▶ _Records for this exercise_

[Start of Attachment]

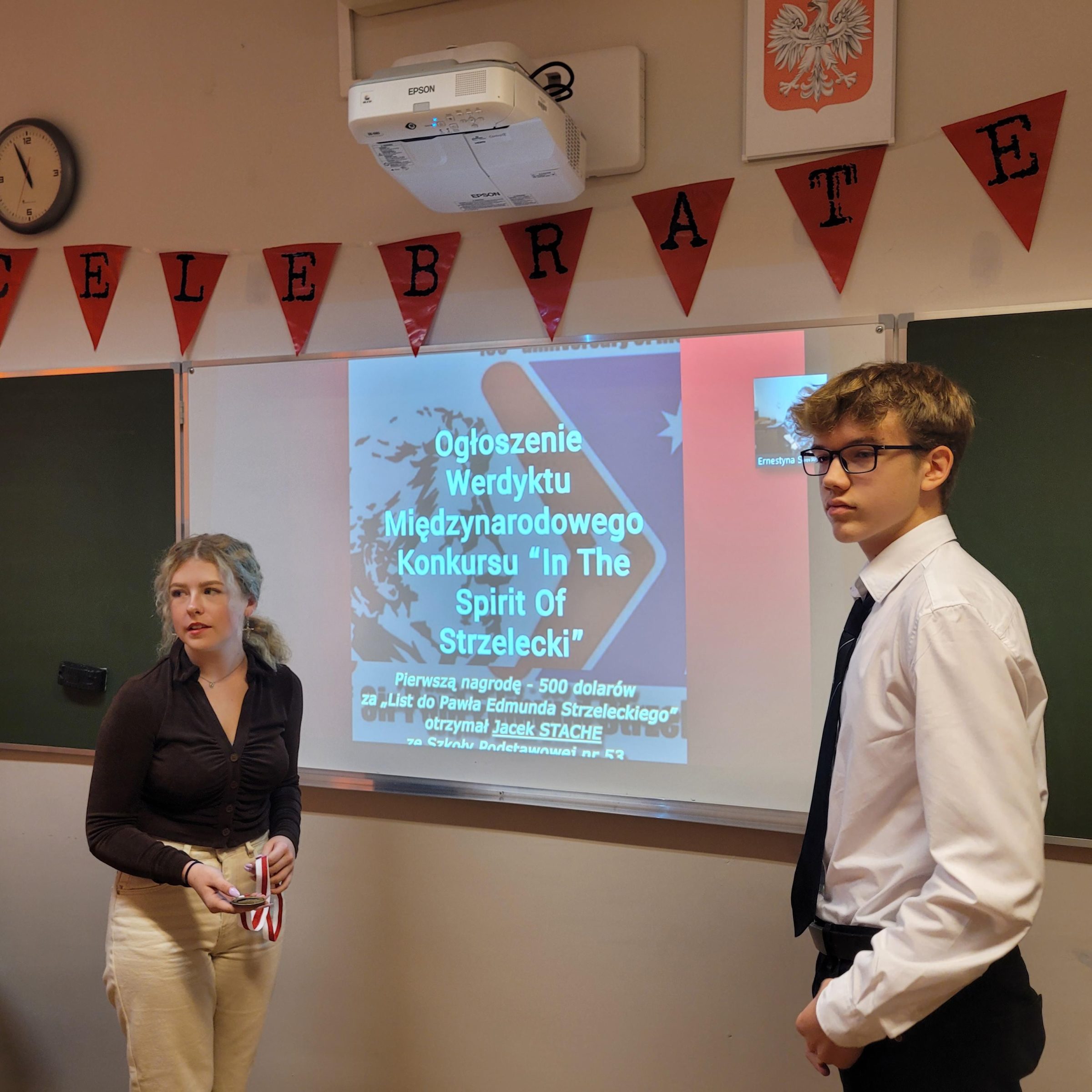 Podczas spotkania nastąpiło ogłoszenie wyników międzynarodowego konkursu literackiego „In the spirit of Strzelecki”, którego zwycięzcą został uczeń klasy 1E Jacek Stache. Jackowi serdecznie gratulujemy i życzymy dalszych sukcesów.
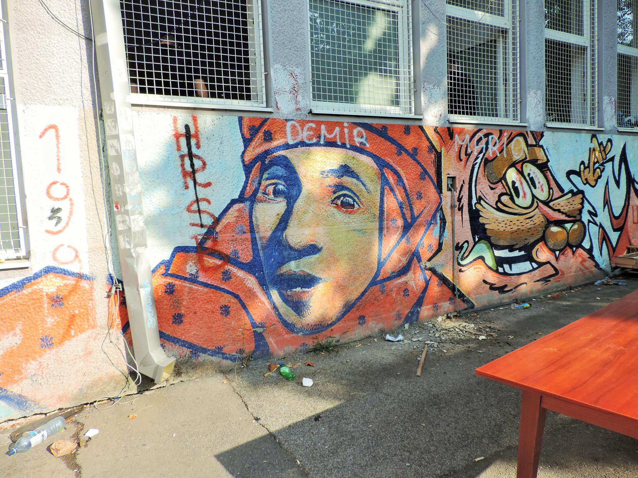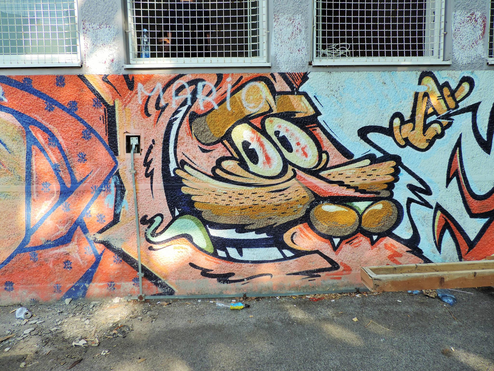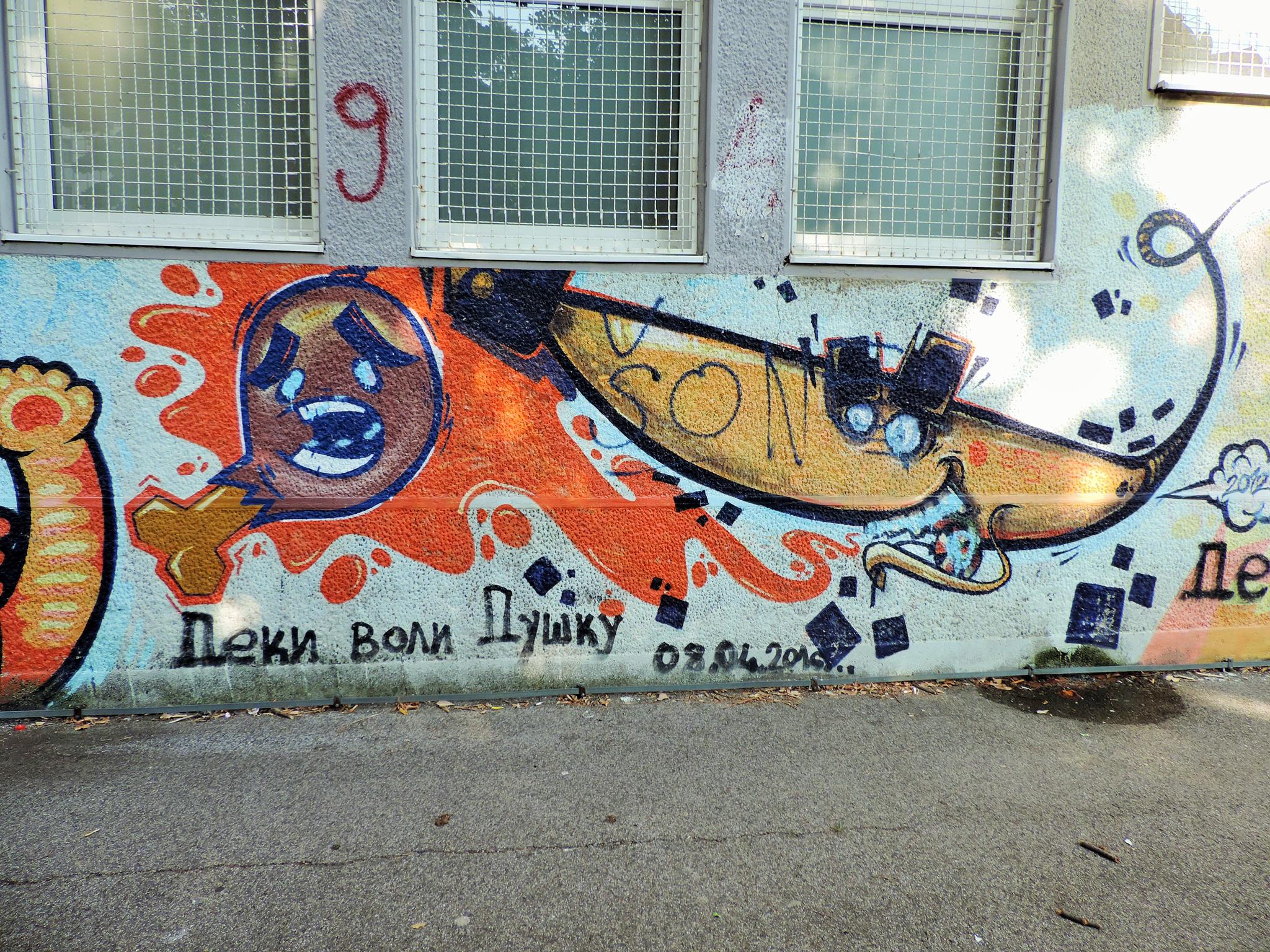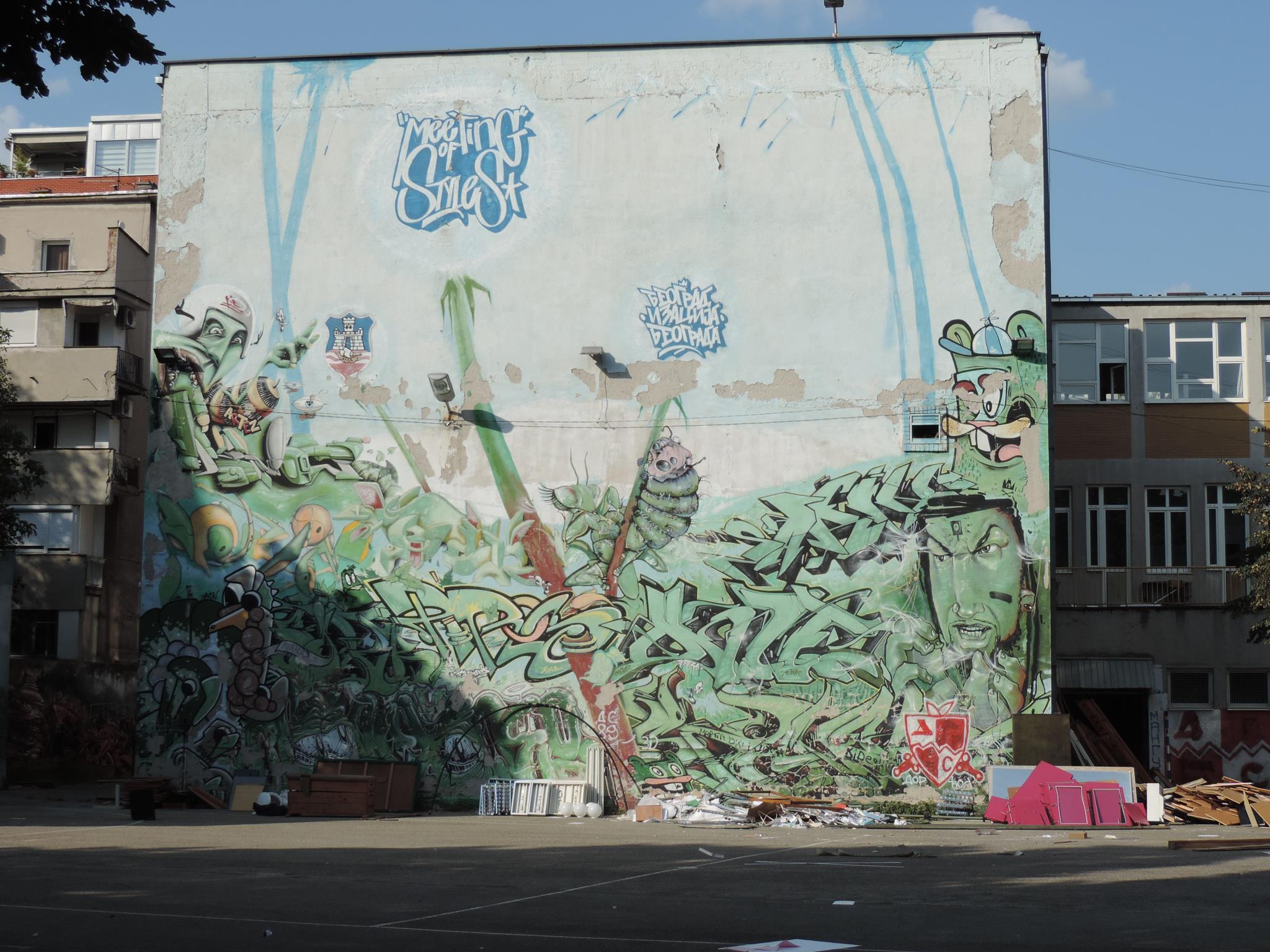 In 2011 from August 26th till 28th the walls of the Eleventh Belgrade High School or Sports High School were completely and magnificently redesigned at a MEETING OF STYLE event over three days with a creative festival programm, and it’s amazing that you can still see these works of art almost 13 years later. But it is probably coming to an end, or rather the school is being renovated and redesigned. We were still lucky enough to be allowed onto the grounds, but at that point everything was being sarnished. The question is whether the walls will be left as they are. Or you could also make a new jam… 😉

[End of Attachment]
[Start of Attachment]

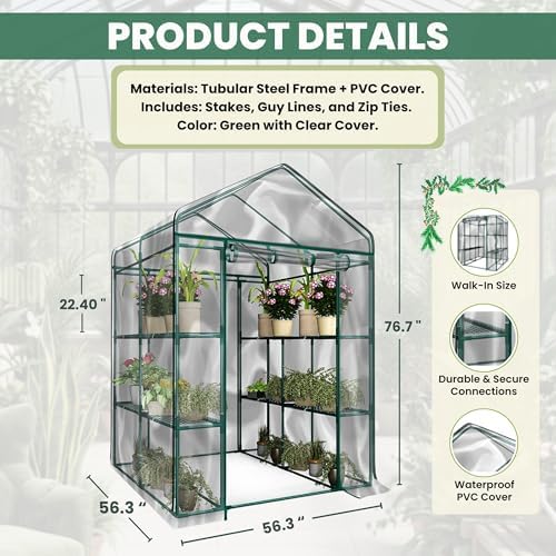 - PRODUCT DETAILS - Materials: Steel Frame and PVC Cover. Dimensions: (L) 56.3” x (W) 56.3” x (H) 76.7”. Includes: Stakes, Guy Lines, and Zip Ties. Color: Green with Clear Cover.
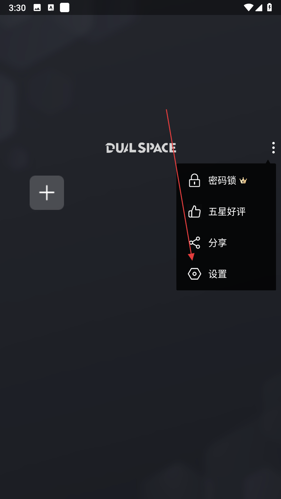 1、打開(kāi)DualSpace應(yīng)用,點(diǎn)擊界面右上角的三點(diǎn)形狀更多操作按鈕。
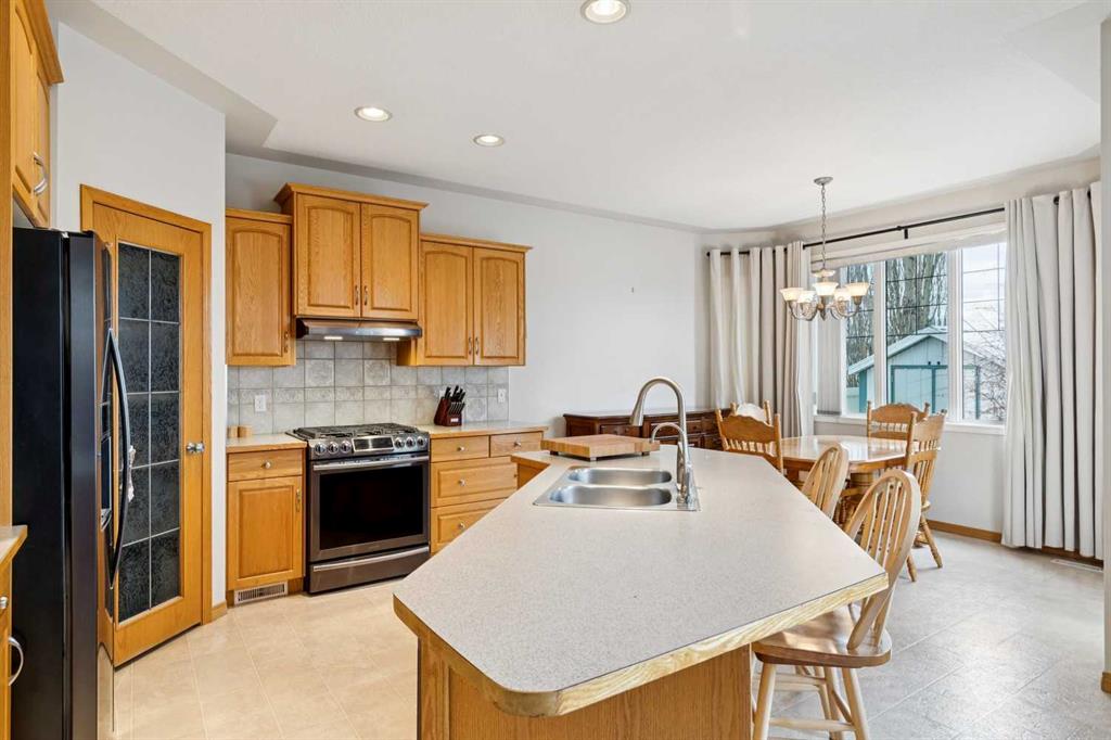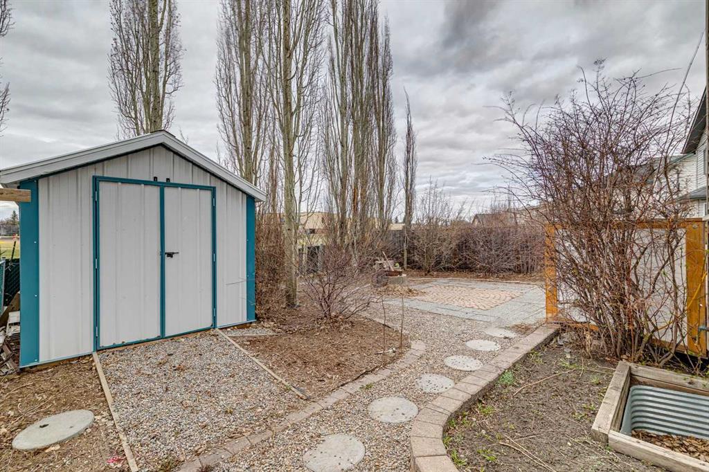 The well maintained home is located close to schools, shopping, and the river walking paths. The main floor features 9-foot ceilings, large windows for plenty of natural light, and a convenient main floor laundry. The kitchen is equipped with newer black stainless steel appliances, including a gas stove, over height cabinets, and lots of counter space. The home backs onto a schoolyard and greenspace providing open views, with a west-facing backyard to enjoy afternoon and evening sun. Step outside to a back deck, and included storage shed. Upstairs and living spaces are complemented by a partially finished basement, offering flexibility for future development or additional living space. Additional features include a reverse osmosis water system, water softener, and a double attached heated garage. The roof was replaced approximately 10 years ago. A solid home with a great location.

[End of Attachment]

▶ _What the task asks_
Since the pictures are not part of the copy, please transcribe only the lines above from the one with "1、打開(kāi)DualS" through the one with "The well maintained", exactly and with both ends.

▶ _Answer to the exercise_
 1、打開(kāi)DualSpace應(yīng)用,點(diǎn)擊界面右上角的三點(diǎn)形狀更多操作按鈕。
 The well maintained home is located close to schools, shopping, and the river walking paths. The main floor features 9-foot ceilings, large windows for plenty of natural light, and a convenient main floor laundry. The kitchen is equipped with newer black stainless steel appliances, including a gas stove, over height cabinets, and lots of counter space. The home backs onto a schoolyard and greenspace providing open views, with a west-facing backyard to enjoy afternoon and evening sun. Step outside to a back deck, and included storage shed. Upstairs and living spaces are complemented by a partially finished basement, offering flexibility for future development or additional living space. Additional features include a reverse osmosis water system, water softener, and a double attached heated garage. The roof was replaced approximately 10 years ago. A solid home with a great location.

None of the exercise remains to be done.